Collected data:

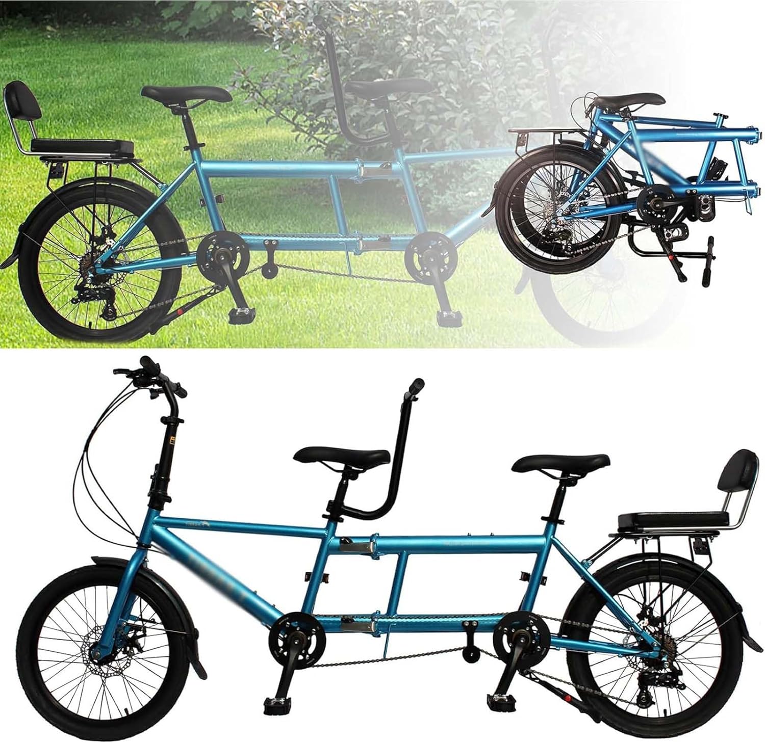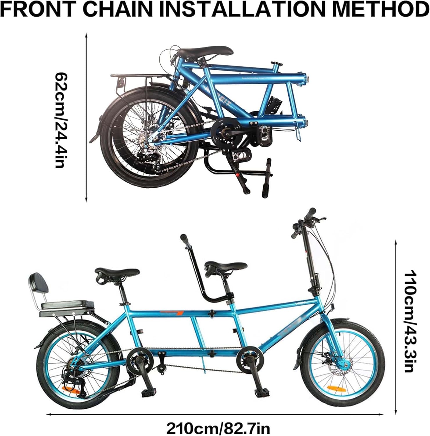 Top-Angebot: MAYFABD Tandem Bicycle Tandem Folding Bike Foldable Tandem Adult Beach Cruiser Bicycle Adjustable 7 Speeds Maximum Load 300 kg Family Travel and Couple Rides
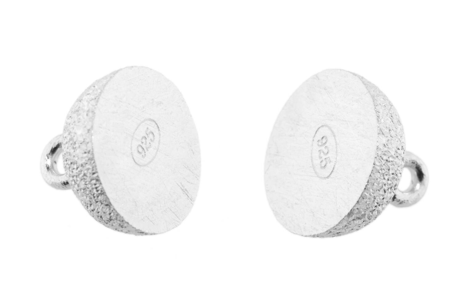 Magnetische Kugelschließe mit unsichtbaren Magneten, ummantelt mit brillantiertem Sterlingsilber, erprobt zugkräftig und zuverlässig.
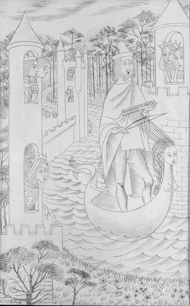 Un poeta, con atuendos de la edad media, se muestra junto a torres y murallas desde la que surgen mujeres medievales, en torno a un estrecho río sobre el que una sirena se metamorfosea en una embarcación, y su suelta cabellera son los hilos extendidos de un arpa-cuerda. Con un plectro, el rapsoda se prepara para hacer sonar las cuerdas-cabellos de la sirena-mujer, como si fuera la prolongación visible de la naturaleza y su poder enigmático. La poesía como arte de hacer resonar lo que ya resuena en la complejidad del mundo natural. El rapsoda, el poeta, el artista, que resuena desde las vibraciones de la materia fluida.
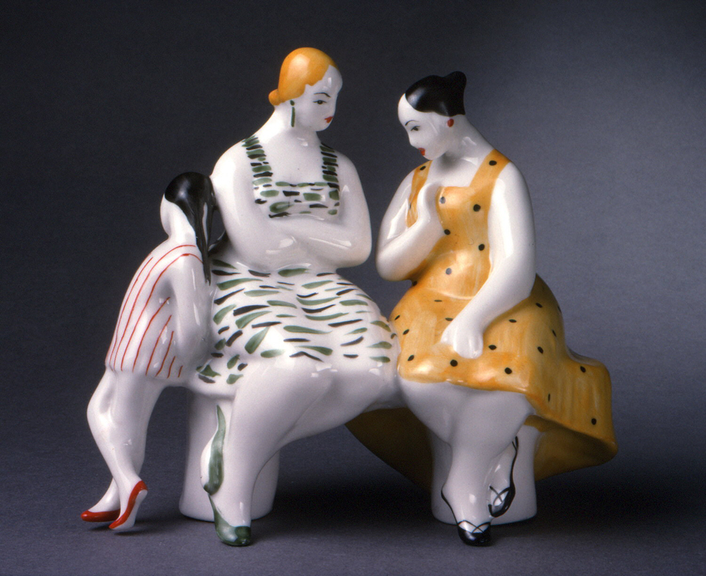 The Gossips Figure; Designed by Margarita Evganyevna Permiak (1928 – 1973); Manufactured by Dmitrov Porcelain Factory (Russia); enameled porcelain; 14.5 cm (5 11/16 in.); The Henry and Ludmilla Shapiro Collection; Partial gift and partial purchase through the Decorative Arts Association Acquisition and Smithsonian Collections Acquisition Program Funds; 1989-41-228

Your objective: Only the lines from the start of the material to the line with "Un poeta, con", inclusive, belong in the answer, printed exactly and free of pictures.

Result of this task:
 Top-Angebot: MAYFABD Tandem Bicycle Tandem Folding Bike Foldable Tandem Adult Beach Cruiser Bicycle Adjustable 7 Speeds Maximum Load 300 kg Family Travel and Couple Rides
 Magnetische Kugelschließe mit unsichtbaren Magneten, ummantelt mit brillantiertem Sterlingsilber, erprobt zugkräftig und zuverlässig.
 Un poeta, con atuendos de la edad media, se muestra junto a torres y murallas desde la que surgen mujeres medievales, en torno a un estrecho río sobre el que una sirena se metamorfosea en una embarcación, y su suelta cabellera son los hilos extendidos de un arpa-cuerda. Con un plectro, el rapsoda se prepara para hacer sonar las cuerdas-cabellos de la sirena-mujer, como si fuera la prolongación visible de la naturaleza y su poder enigmático. La poesía como arte de hacer resonar lo que ya resuena en la complejidad del mundo natural. El rapsoda, el poeta, el artista, que resuena desde las vibraciones de la materia fluida.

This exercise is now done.